Using innovative ideas for a familiar process is also at the heart of an ERC collaboration with academic and government bodies in Mexico. The three-year project is studying and testing ways to use carbon dioxide emitted from fossil fuel power plants, in a supercritical state (sCO2), to extract geothermal energy from underground dry hot rock and hydrothermal geothermal reservoirs. Geothermal extraction generally relies on water or brine to capture heat.
“But sCO2 is a better fluid that can double the ability of water or brine to pick up heat, especially at lower temperatures,” he says. “Recycling CO2 in geothermal reservoirs also provides the added benefit of sequestering greenhouse gas emissions under the ground.”

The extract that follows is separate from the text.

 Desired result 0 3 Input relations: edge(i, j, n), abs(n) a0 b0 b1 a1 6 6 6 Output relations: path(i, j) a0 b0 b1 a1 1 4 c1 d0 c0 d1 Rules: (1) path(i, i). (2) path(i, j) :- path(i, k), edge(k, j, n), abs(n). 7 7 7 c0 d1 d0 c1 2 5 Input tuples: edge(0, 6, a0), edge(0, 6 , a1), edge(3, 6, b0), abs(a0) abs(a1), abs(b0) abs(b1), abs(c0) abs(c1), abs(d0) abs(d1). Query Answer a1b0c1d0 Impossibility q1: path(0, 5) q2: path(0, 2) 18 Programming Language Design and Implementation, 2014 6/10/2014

Further efficiencies can be found in handling fuels themselves. Coal-burning plants, for example, burn coal of varying quality from various mines. Analyzing quality so that coal can be burned more efficiently relies on nuclear instrumentation that make use of potentially dangerous radioactive materials.

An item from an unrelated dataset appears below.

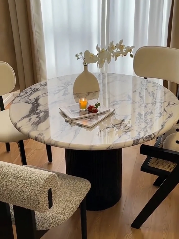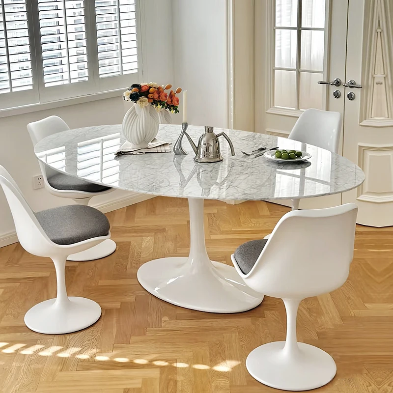 2025 New French Cream Style Tulip Dining Table Set - Luxurious Yet Affordable Natural Marble Round Table and Chairs for Small Spaces

“We’re working on a commercial instrument that uses a laser beam, instead of radioactive materials, to excite a sample on a coal conveyer and analyze it,” Romero says. “This laser-induced breakdown spectroscopy (LIBS) system is being tested at a power plant near Pittsburgh—it is easy to install, has a smaller footprint and is lighter than nuclear instruments, and doesn’t require cumbersome radioactivity safety measures. It provides an accurate entire analysis of the coal—elemental composition, heating value, sulfur, ash content, fusion temperature of the ash—it’s all valuable knowledge for managing the coal supply.”
“The energy field is at an inflection point driven by the economies of fuels, environmental constraints and rapid scientific advancement,” he continues. “Through efficiency improvement, innovation, and new technology development, we’re helping the power industry meet the challenges of this century.”

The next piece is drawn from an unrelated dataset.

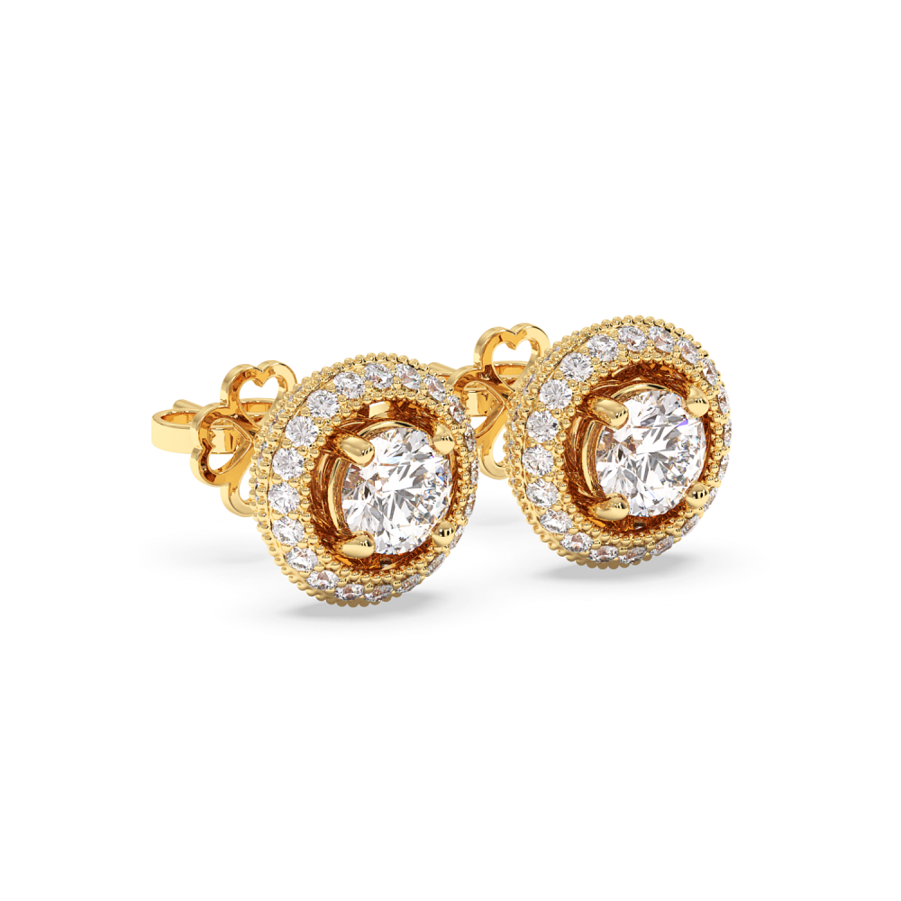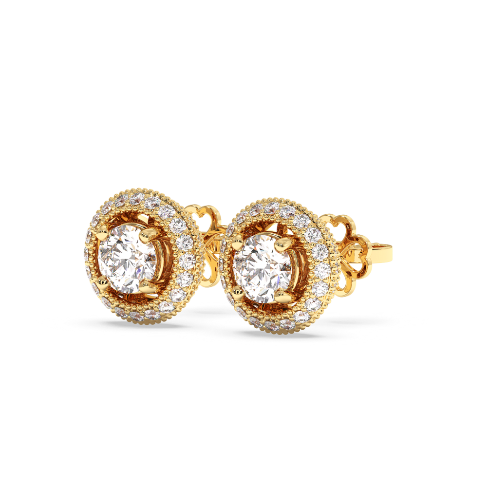 Cercei din aur alb de 14 K, cu diamant central fiecare de 0.50 ct. si diamante laterale de 0.67 ct. Greutatea aproximativa a cerceilor este de 3.33 grame.

Guarding the grid from cyberthreat
When you put all the elements together, however, the grid faces still more challenges beyond those of generating, transmitting, controlling, and analyzing power. In an era marred by terrorism and between-nation cyberattacks, there’s also a need for security and attack resilience.
That’s why the DOE has invested in a five-university Center for Cybersecurity for Energy Delivery grant that’s bringing $3.5 million in funding to Lehigh over five years to develop technologies that will protect the grid from threats. Lehigh’s work focuses on five distinct areas that nine Lehigh faculty members—the largest concentration of investigators in the project—approach from a variety of perspectives. These include detecting attacks, mitigating attacks that can’t be identified, managing security systems, and testing and validation—including the discovery of false data.
Suppose, says Snyder, that a demand-response system with time-dependent rates was susceptible to injections of false information about usage orPRICING.
“Bad guys could misuse demand-response signals and controls to steal energy or money, or simply to cause damage to the system or its users,” he says. “Malicious data indicating swings in demand could imbalance the relationship between energy supply and consumption. It could cause significant problems like big oscillations or even blackouts.”
Lehigh researchers are developing algorithms and optimization tools that, for example, could detect, measure, and compare redundant signals at multiple locations in the grid. If two signals that should be the same are different, one could be a lie. Such problems will be critical to the energy future whether the grid uses legacy resources, renewables, or fusion—all of which significantly overlap in Lehigh’s multidisciplinary research model.
“The INE research cluster has done really well in the five years it’s been in existence,” Blum says. “But research into the energy infrastructure is broad work, here on our campus and elsewhere, and progress will require a lot of interconnection. With a strong interdisciplinary work ethic already in place, Lehigh is well positioned to help lead the way.”